# GBS positive and elective C section



## KimmyB

Hi girls, I am GBS positive and have been booked in for a c section 2 weeks tomorrow (not because of the GBS but because baby is breech) I asked the consultant if I would still need antibiotics 4 hours before the section and she said no-the risk to baby is eliminated by the section :shrug: I've got a niggly feeling this isn't right, has anyone had a c section and been GBS positive who can help?

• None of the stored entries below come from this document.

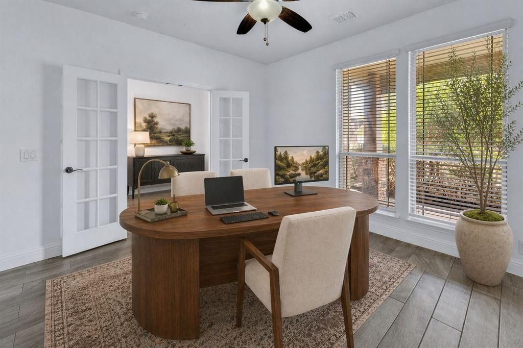 Welcome home to this stunning brick-and-stone beauty on an oversized lot on almost one fourth acre, featuring a charming front porch and an elegant rotunda entrance that sets the tone from the moment you arrive. Nestled in the highly sought-after Union Park community, this home blends thoughtful design with everyday comfort.The kitchen impresses with decorative cabinetry, a gas cooktop, abundant counter space, and a built-in bar area that flows seamlessly into the dining space—perfect for hosting or casual meals. Durable wood-look tile floors extend throughout the main level, adding both style and practicality.The spacious primary suite offers a peaceful retreat with an ensuite bath complete with a garden tub & separate shower. A private office with French doors sits just off the entry, ideal for remote work or quiet focus. Upstairs, you’ll find a secondary ensuite bedroom, plus a game room and media room that provide plenty of space for play, movie nights, or entertaining.Step outside to a covered back patio overlooking a large backyard with room to relax, garden, or gather with friends.Union Park delivers resort-style living with amenities that include pools, tennis courts, pickleball courts, a clubhouse, parks, ponds, trails, and so much more. This home offers the perfect blend of comfort, community, and convenience.
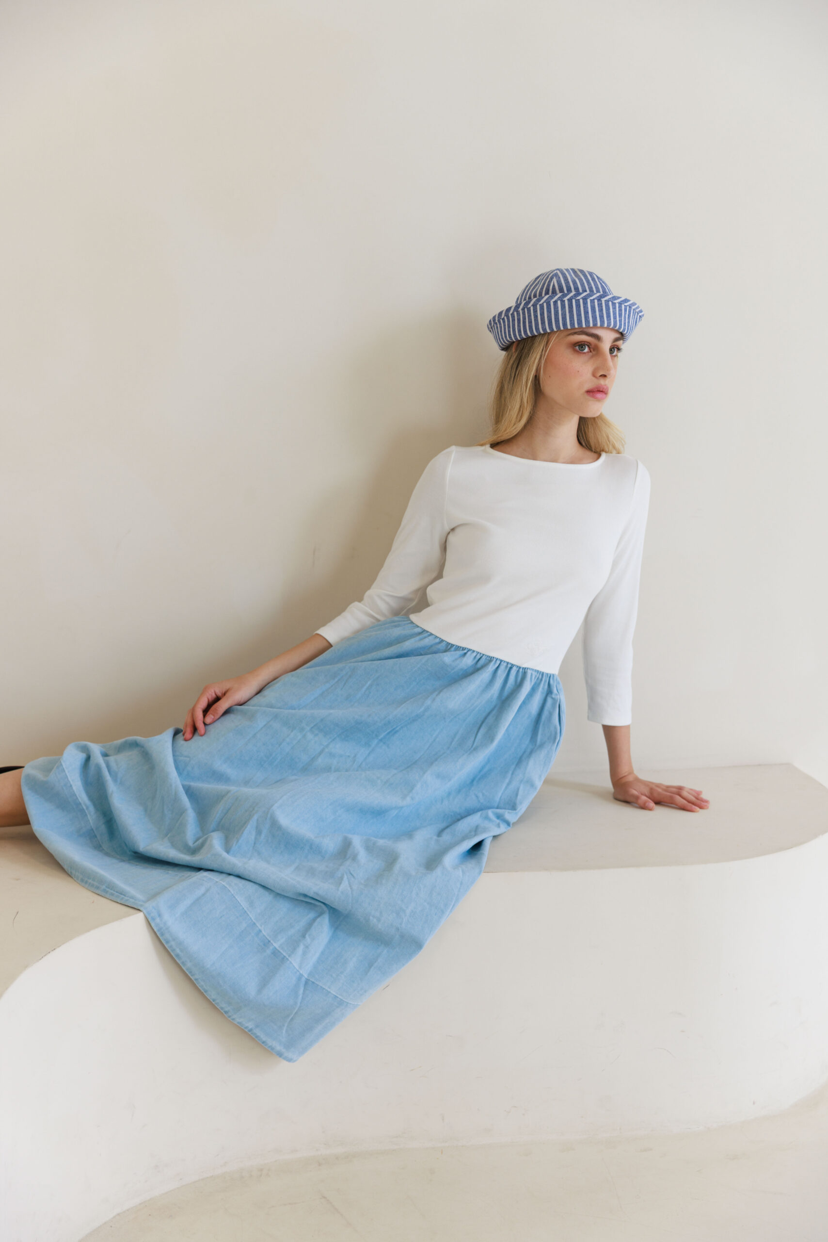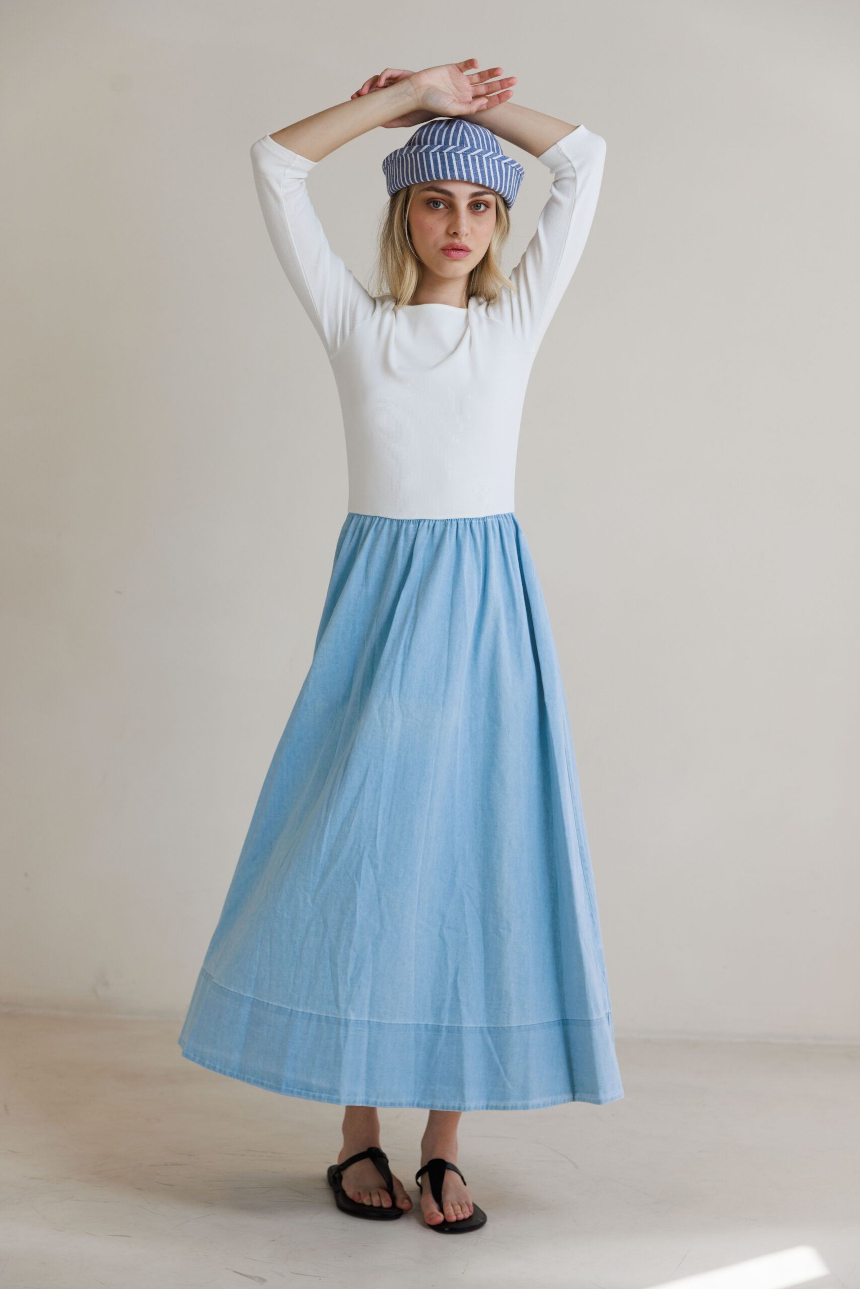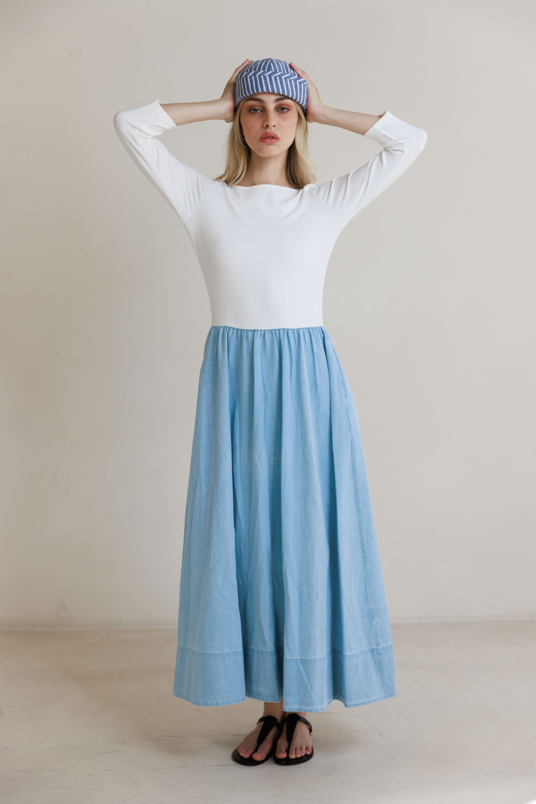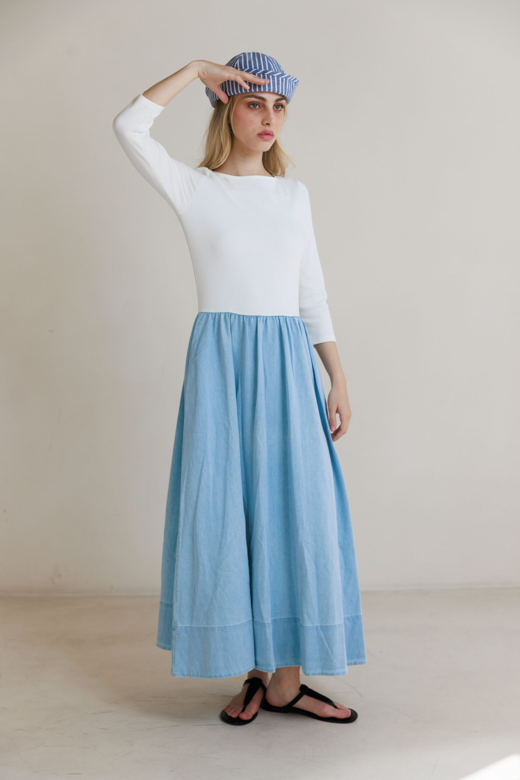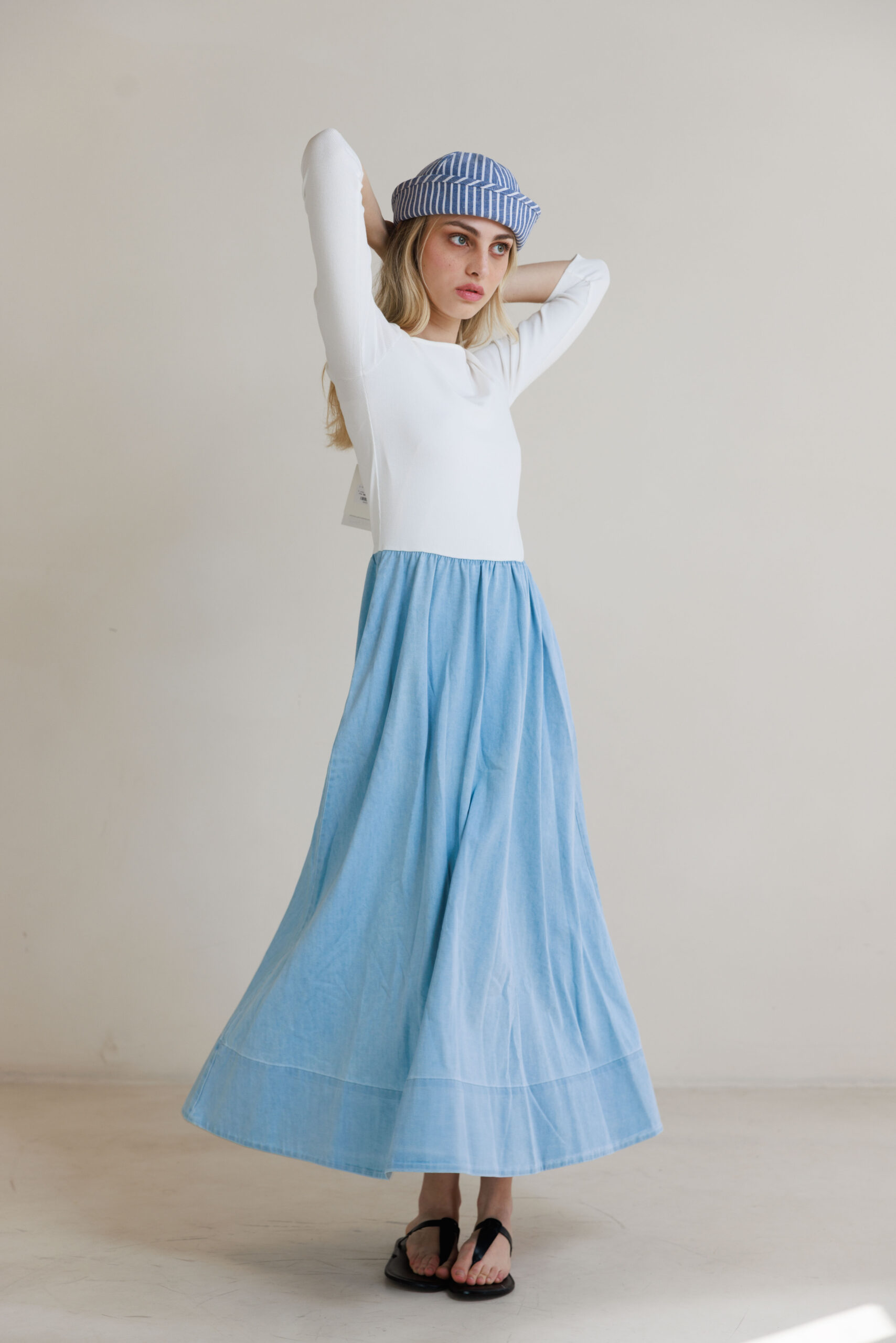 שמלת שילוב פסים תכלת
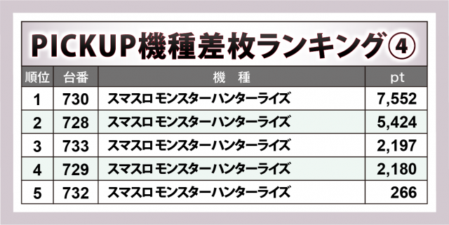 『スマスロ モンスターハンターライズ』は6台中5台がプラス。うち4台が4桁プラスで、+7千6百弱×1・+5千4百超×1・+2千2百弱×2と、好調台が連発した。

Thanks in advance :flower:


----------



## try2breathe

I don't have any advice, but I'm in the same situation. GBS positive and having a c-section on the 19th for other reasons. The doctor said that the antibiotics wouldn't be necessary but that I would probably be given antibiotics after the birth to prevent infection of the healing section. I'm nervous about it too. What I'm most worried about is the possibility that my water will break beforehand which would cause exposure for the baby. I would still have a c-section so not sure how there would be time to get enough antibiotics to her. I feel like I need to ask more questions, bt my doctor always seems annoyed when I ask her questions.


----------



## knitbit

I'm pretty sure the baby has to travel through your vagina to be exposed to GBS. My first was a c-section and we went without the eye ointment for the same reason. No risk of exposure to STDs with a s-csection.


----------



## littleblonde

i was gbs positive with my dd. Also had section and was told that didnt need the antibiotics. My waters went 16 hours before as well. I also remember reading that there is still a risk. When you have your lo they always get checked over by doctor the day you go home. But i told them i was worried and they checked her early.


----------



## KimmyB

Thanks for that littleblonde, glad your LO is fine :flower:

Just to let you girls know I emailed the GBSS and this is a part of what they emailed back...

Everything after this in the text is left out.